Year-over-year growth was driven by investment to scale our product
and technology capabilities and also reflects phasing of costs in
the prior year.
UKI had another strong quarter
with revenue growth of 20% (+17% on a constant currency
basis15) from an excellent performance in both
sportsbook (+31%) and iGaming (+16%).
Sportsbook net revenue margin
increased 440bps to 16.1% due to both favorable sports results (Q4
2024: 300bps favorable, Q4 2023: 90bps unfavorable), primarily in
the English Premier League, and a 110bps structural revenue margin
improvement driven by the product innovation as described in the
Operating Review above.
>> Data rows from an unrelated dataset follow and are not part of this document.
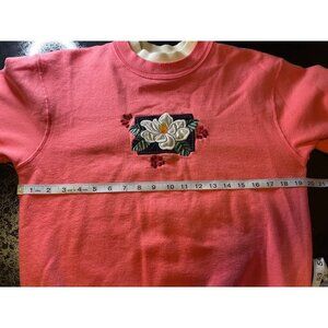 Vintage 90s Flower Embroidered Top Stitch Pink Pullover Sweatshirt Top
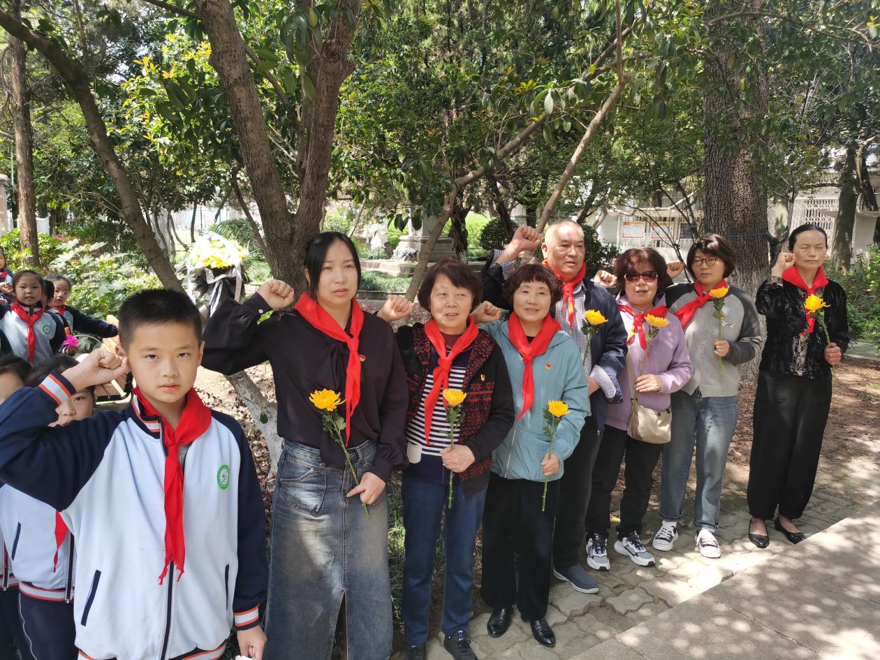 活动中,五老志愿者和少先队员怀着无比崇敬的心,向长眠在此的张应春烈士敬献花篮,全场颔首默哀,一股庄严的敬意在四周弥漫开来。全体少先队员还在五老志愿者的带领下高举右拳,老少重温入队誓词,宣誓声在空中回响,传递的是松小学子继承先烈遗志、牢记使命担当的决心。
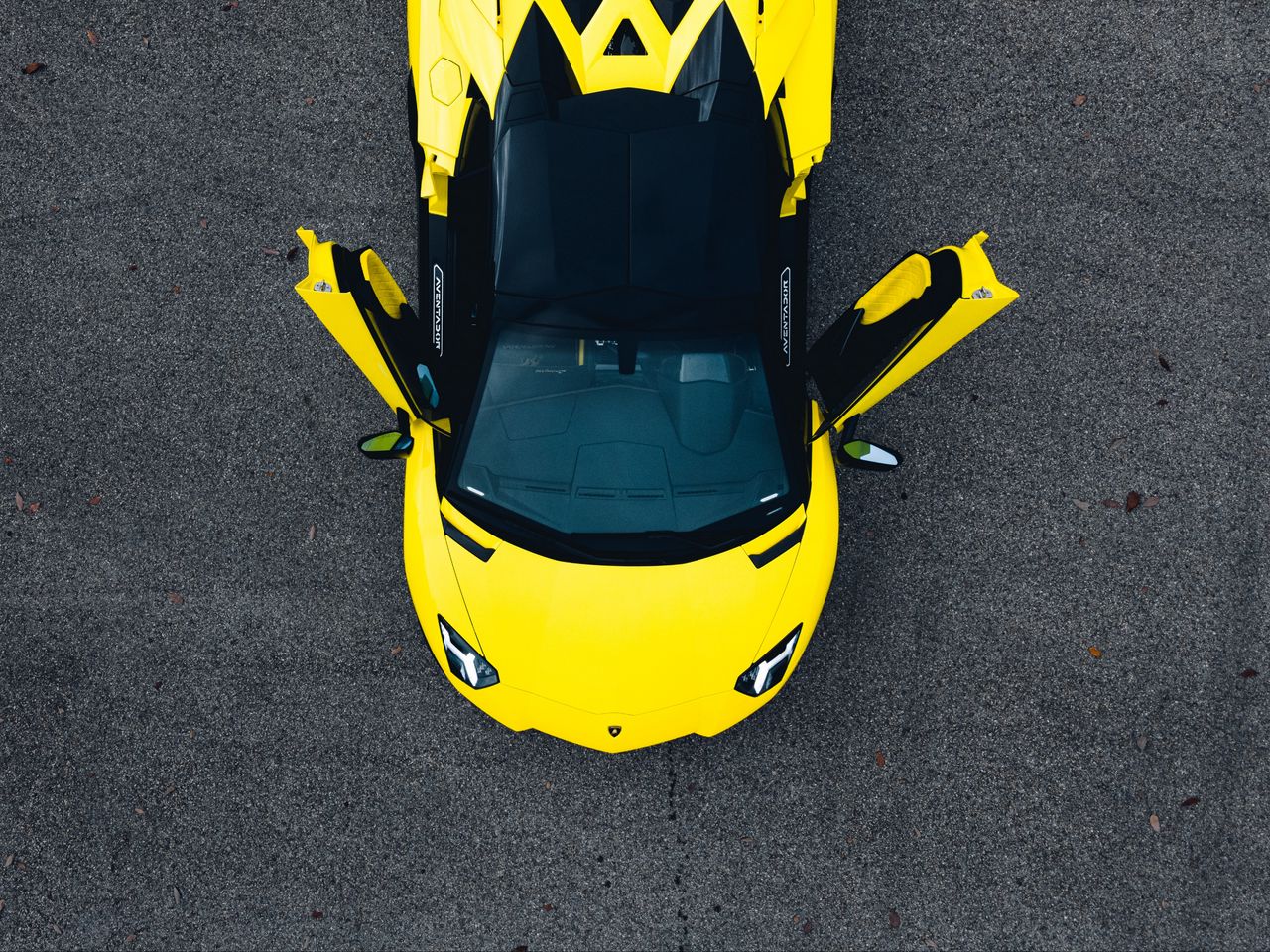 Download 1280x960 lamborghini aventador, lamborghini, car, sports car, yellow, aerial view wallpaper, background standard 4:3
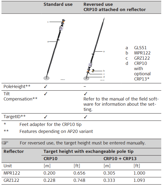 ➜ AP20 is only compatible with AP reflector poles CRP4, CRP5, GLS51 and GLS51F.
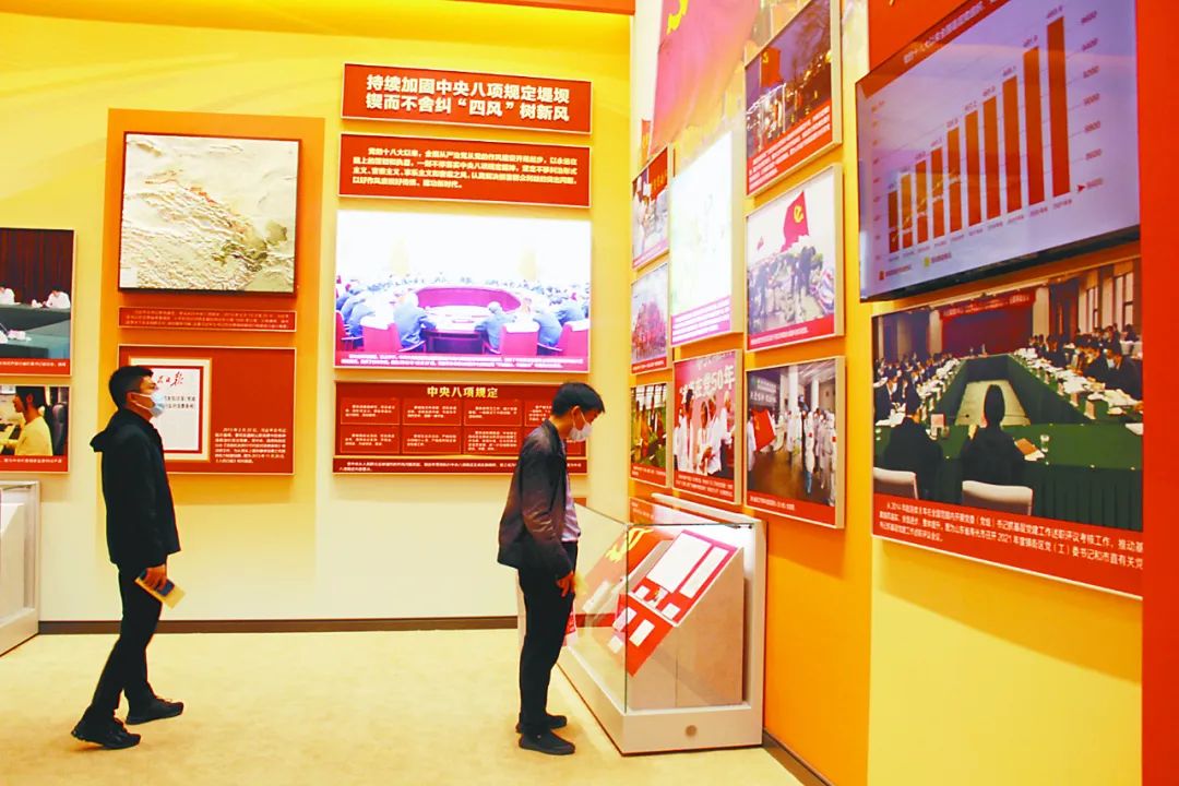 全面从严治党是新时代党的自我革命的伟大实践,开辟了百年大党自我革命的新境界。图为观众在“奋进新时代”主题成就展“全面从严治党保持党的生机活力”展区参观。本网记者赵林摄
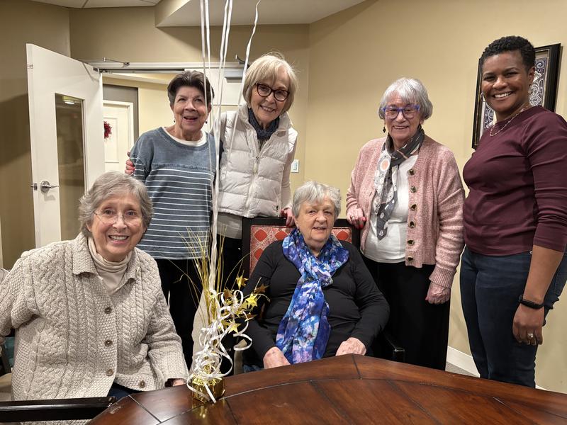 Who would have thought was back at our 50th reunion that Alexis Lewis, far right, would have organized a birthday party for Mollie Hibbard along with other members of their church?

Sportsbook handle declined 4% reflecting
both the increased mix of higher revenue margin, lower handle Same
Game Parlay products and the recycling impact of the favorable
results.
iGaming revenue growth of 16% was
driven by the strong product proposition across all four of our UKI
brands with iGaming AMPs +13% in Q4.
Adjusted EBITDA increased 17% (+14%
on a constant currency basis), broadly in line with revenue growth
reflecting continued investment to grow our business, along with
the prior year phasing of general and administration
expenses.
International revenue increased
20% (+23% on a constant currency basis) driven by strong momentum
in Sisal (+22%, +28% on a constant currency basis), the return of
Junglee to growth (+88%) as it lapped the tax changes introduced in
October 2023, and favorable sports results. MaxBet (acquired in
January 2024) added $58m in revenue in the quarter. AMP growth
moderated to 4% due to the high levels of player engagement during
the Cricket World Cup in Q4 2023.
Sportsbook revenue was 46% higher
driven by a 20% growth in handle, aided by the MaxBet acquisition,
and a 240bps increase in net revenue margin. The margin movement
reflected the swing to favorable sports results in Q4 from the very
unfavorable results, most notably in Italy, in the comparable prior
year quarter (Q4 2024: 70bps favorable, Q4 2023: 260bps
unfavorable). iGaming revenue grew 14% (+18% on a constant currency
basis) with strong growth in Italy and India along with the
addition of MaxBet which added 7 percentage points to
growth.
Consolidate and Invest8 markets accounted for 84% of
International revenue in Q4 and grew 28% (+32% on a constant
currency basis) or 18% (+22% on a constant currency basis)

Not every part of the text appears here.